風になびく長髪、深緑の瞳を縁取る長いまつ毛、血色の良い唇は弧を描く。リヴァイにとっては守護神でも鬼神でもない、唯一の愛しい存在。決して失いたくない存在。戦場において自分の身は守れても、配置の異なるなまえの生死は毎回気が気ではない。

「なまえ、お前は幸せなのか?」

幸せとか何か。リヴァイ自身が問われれば答えに窮する質問だ。ただ、今この瞬間。愛しい存在の温もりを感じ、同じ時間を過ごしているこの時は幸せだといえる。

「そうね、わたしはリヴァイに出会えて、愛することができて、幸せだと思っているわよ」

戦いたくない、共に生きていきたいと言って欲しい。なまえが死ぬなんて、自分を置いていなくなるなど考えたくもない。兵団の神などではなく、自分のために生き、自分の帰りを待つだけの存在になって欲しい。リヴァイの願いを知ればなまえは苦しむだろう。だが、このまま兵団に身を置き、エルヴィンの側近として戦闘を続ければその先にあるのは死、良くても退団を余儀なくされる程の身体的欠損

「リヴァイは幸せ?」

ああ、この愛おしい存在は何故兵団の神になんてなってしまったのか。何故彼女だったのか。何故自分だけの存在として閉じ込めて置けないのか。

「俺は、お前を失うことが怖いんだ」

なまえの表情を見る事ができず、強く抱きしめる。その心をわかっているかのように自分を抱きしめるなまえへの愛おしさが増す。

「なまえ、…兵士を辞めてくれ」

エルヴィンの目的を達成させる事はリヴァイにとっては兵団に所属する意味に等しい。だがそれ以上の優先順位にあるのがなまえの生存だ。エルヴィンはなまえの強さ、求心力を兵団の力と見ている。だからこそリヴァイはなまえを兵団から遠ざけたかった。

「それは、私に生きる場所を捨てろという事なのよ?」
「あぁ、そうだな。だが、俺はお前が巨人に喰われていなくなるなんて想像もしたくねぇ」

向き合うなまえの表情は、会話の内容にそぐわず穏やかな微笑。その唇に口づけ、リヴァイは両手をなまえの細首に添える。
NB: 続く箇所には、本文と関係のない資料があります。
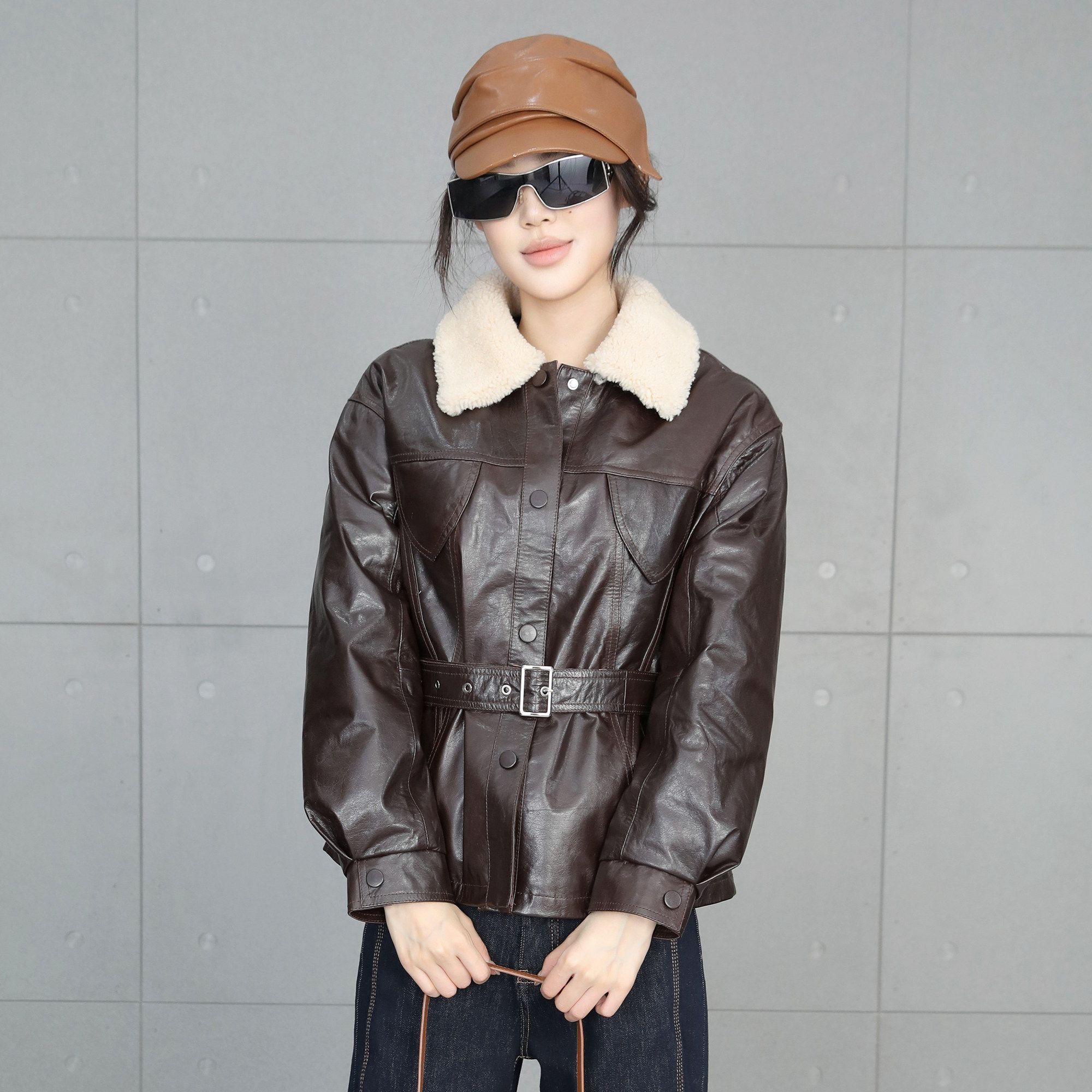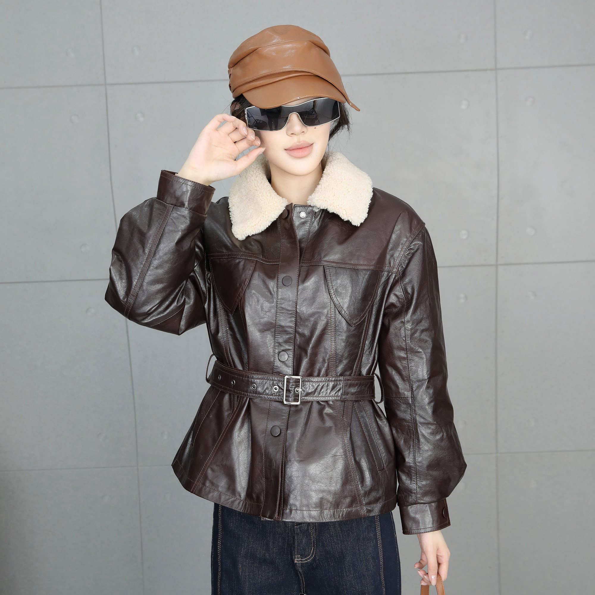 鹅绒皮衣女短款2025冬新款油蜡皮咖色羽绒服真皮羊羔毛领修身外套

「巨人に喰われて終わるくらいなら、俺がその心臓を止めたい」

首に添えられた両手になまえの手が重なる。

「そうだね、どうせ死ぬならリヴァイに殺してもらうのが幸せなのかもね」

自分の知らぬ間に瞳の色を奪われるくらいなら、その瞳に自分を映したままでその命を終わらせたい。なまえを失う恐怖はなくなり、自分を愛した彼女の記憶と共に兵士として生きることが本当の幸せではないだろうか。
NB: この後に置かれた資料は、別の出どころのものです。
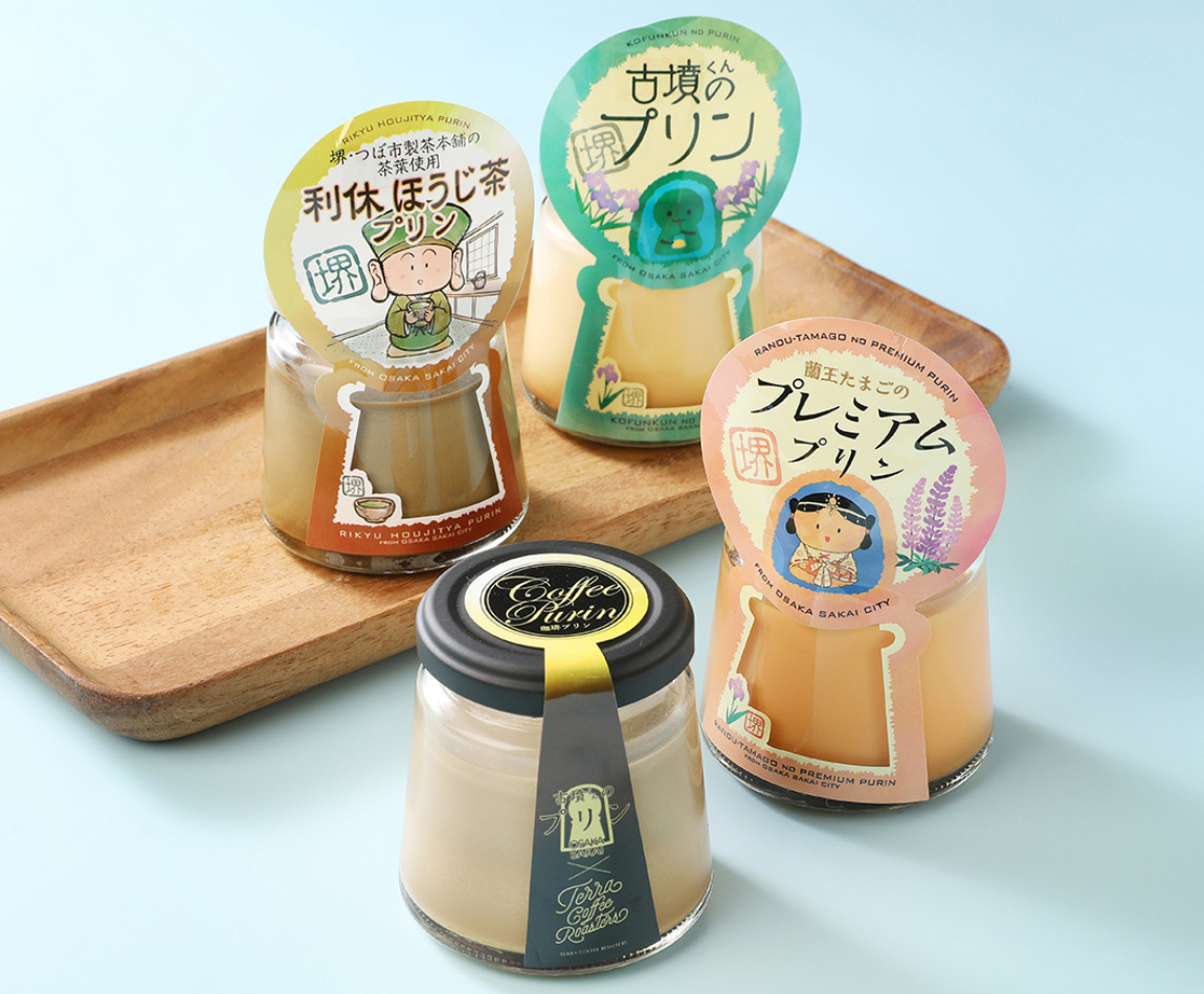 古墳くんのプリン、蘭王たまごのプレミアムプリン、利休ほうじ茶プリン、珈琲プリン【各1個】391円(税込)から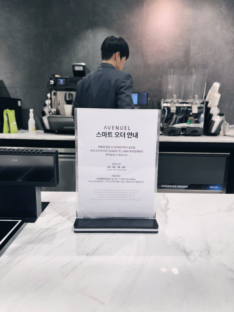 기다리게 해서 죄송하다는 말과 함께 받은 음료 쿠폰으로 에비뉴엘 바에 갔습니다.
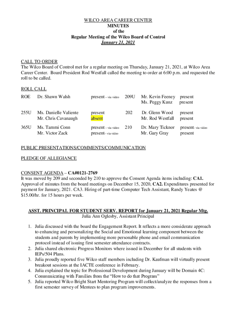WILCOX AREA CAREER CENTER MINUTES of the Regular Meeting of the Wilcox Board of Control January 21, 2021CALL TO ORDER The Wilcox Board of Control met for a regular meeting on Thursday, January 21,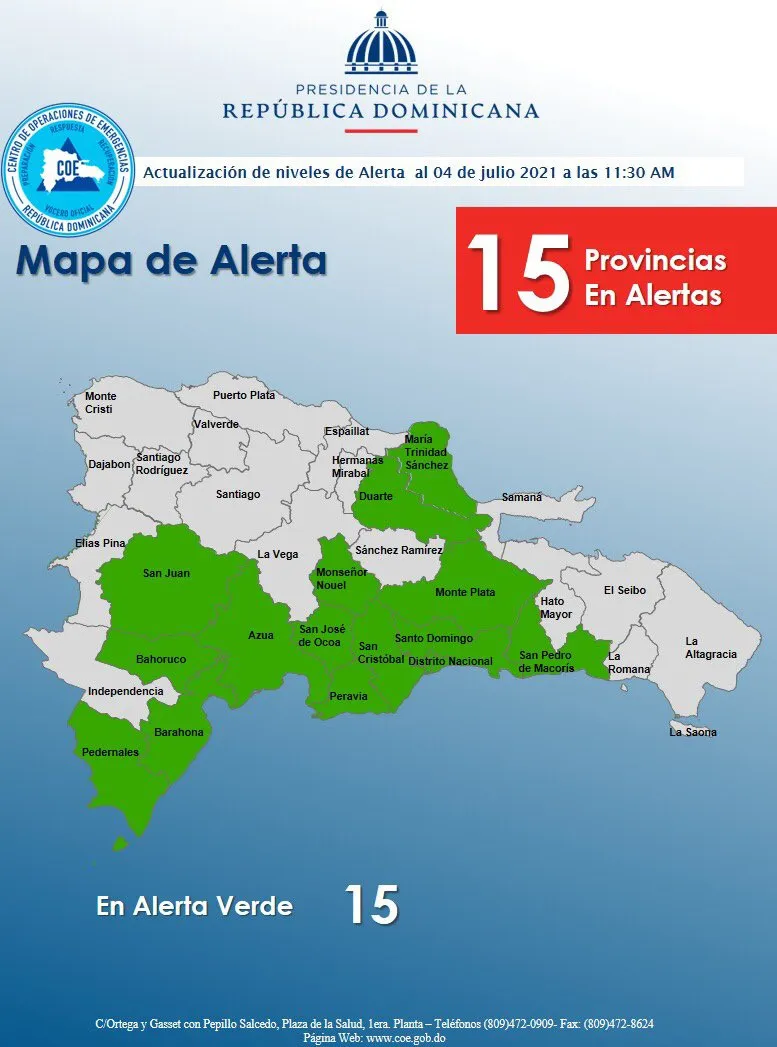 A pesar de que disminuirán las lluvias según la ONAMET, por posibles inundaciones urbanas y rurales, crecidas de ríos y cañadas y deslizamientos de tierra tras los estragos de la tormenta Elsa, el Centro de Operaciones de Emergencia mantiene en alerta verde a:

なまえの瞳に映るリヴァイは気道の圧迫からくる生理的な涙でぼやけて見える。その瞳を見つめ、満足げに微笑みながら溢れる涙を舌で拭い、手に力を込める。いま自分を見ているのは、鬼神でも守護神でもない。ただ1人の愛する存在。愛するなまえを自分だけの存在とできた瞬間をリヴァイは歓喜の表情で見つめている。





賑やかな笑い声に意識が現実に戻る。
暖かい日差しが入る春の気候。リヴァイは執務室でうたた寝をしていたことに気づき頭を振る。

外から聞こえる笑い声に目を向けると、夢で見たままの姿のなまえと、その横を歩くエルヴィンの姿があった。

上官と副官。2人の関係を端的に表す言葉にすればその通りだが、なまえはもっと違う意味の視線をエルヴィンに向けていることにリヴァイは気付いている。

慕う者の目的のために自らの命を捧げたいと思う彼女を、守りたいと思っている自分はどれほど滑稽か。

決して自分に向くことがない彼女の瞳を想い、淡い夢を反芻するように握った己の手を見つめる。